Qu’est-ce que le prédicat, cette notion de grammaire "inutilement complexe" que le ministre de l'Education veut rayer des programmes ?

ÉCOLE - Au début de l'année, la notion grammaticale de "prédicat", intégrée dans les programmes scolaires à la rentrée 2016, avait suscité de vives réactions de parents d'élèves et professeurs. Le ministre de l'Education, Jean-Michel Blanquer, s'apprête à clore la polémique : il veut la supprimer.

C'est un changement dans la grammaire française qui était d'abord passé inaperçu à la rentrée 2016, avant de susciter une vive polémique quelques mois plus tard : l'enseignement de la notion de "prédicat" à partir du CM1. Cette réforme visait à permettre aux écoliers d'analyser une phrase plus rapidement. Prenons, comme le JT de TF1 l'avait fait en janvier pour le reportage en tête de cet article,  la phrase "Adèle aime les roses blanches", dans laquelle "Adèle" est le sujet, "aime" le verbe et "les roses blanches" le complément d'objet direct. Désormais, "Adèle" demeurait le sujet mais tout le reste ("aime les roses blanches) devenait aussi le prédicat, à savoir ce qui est dit du sujet.
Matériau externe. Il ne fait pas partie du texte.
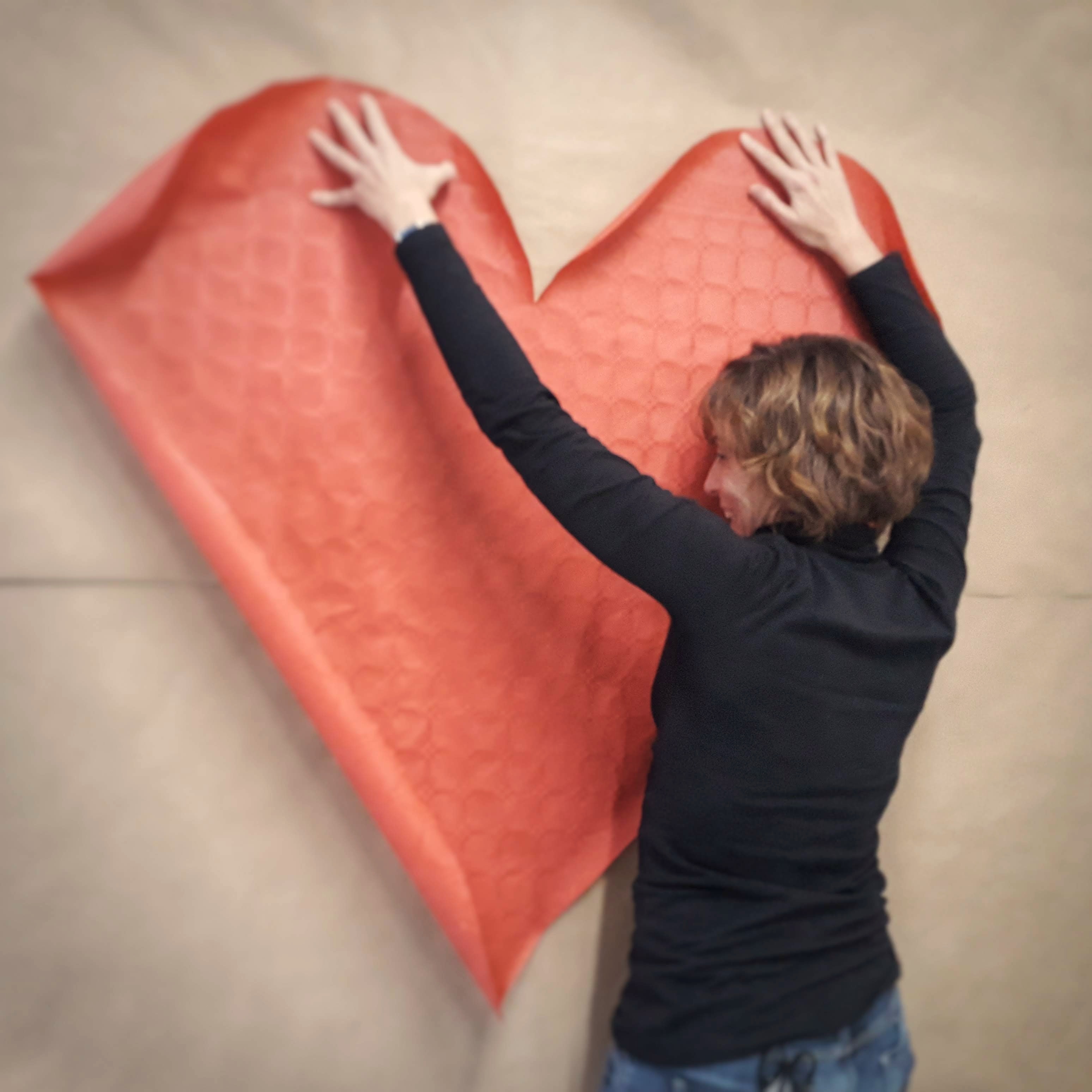 Imagen de una mujer extendiendo un corazón de papel sobre una pared.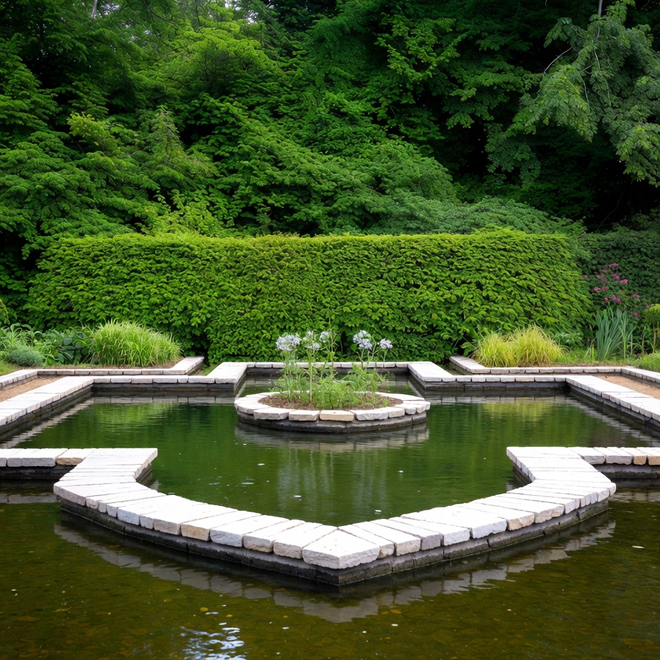 foliage, formal garden, garden, greenery, heart shaped, hedges, isolated background, landscaping, lush garden, nature, ornamental grass, outdoor, pink flowers, plants, pond, reflection, stone fountain, trees, water, white flowers, fountain

De quoi dérouter une partie des professeurs et des parents ayant appris la grammaire avec d'autres termes. En janvier 2017, alors que les réseaux sociaux puis plusieurs journaux s'étaient fait l'écho d'une supposée disparition des traditionnels COD et COI (compléments d'objets directs et indirects), accusée de mettre en péril l'apprentissage de l'accord du participe passé, les défenseurs de cette nouvelle notion grammaticale insistaient : le prédicat ne faisait pas disparaître les compléments d'objet directs et indirects. Le ministre de l'Education, Jean-Michel Blanquer, s'apprête à clôre la polémique : dans une interview à L'Express, il indique que cette "notion inutilement complexe" a vocation à disparaître. Objectif : permettre aux enfants d'avoir "une vision simple et efficace de ce qu'est un complément d'objet direct ou un complément d'objet indirect".

Mauvaise idée ?

Le prédicat a déjà été enseigné mais a disparu des programmes pendant des années. Son grand retour était une très mauvaise idée pour certains experts. Alain Bentolila, professeur de linguistique à l'Université de Paris 5, faisait ainsi valoir en janvier que cela empêche les écoliers  "de comprendre comment une phrase marche." Le Snalc, syndicat d'enseignants minoritaire au langage habituellement châtié, avait de son côté dénoncé "l'imbécillité de l'introduction de cette notion universitaire dans des programmes scolaires".


Et si le prédicat fait actuellement partie du programme, dans les salles de classe, la plupart des enseignants ne l'utilisent pas.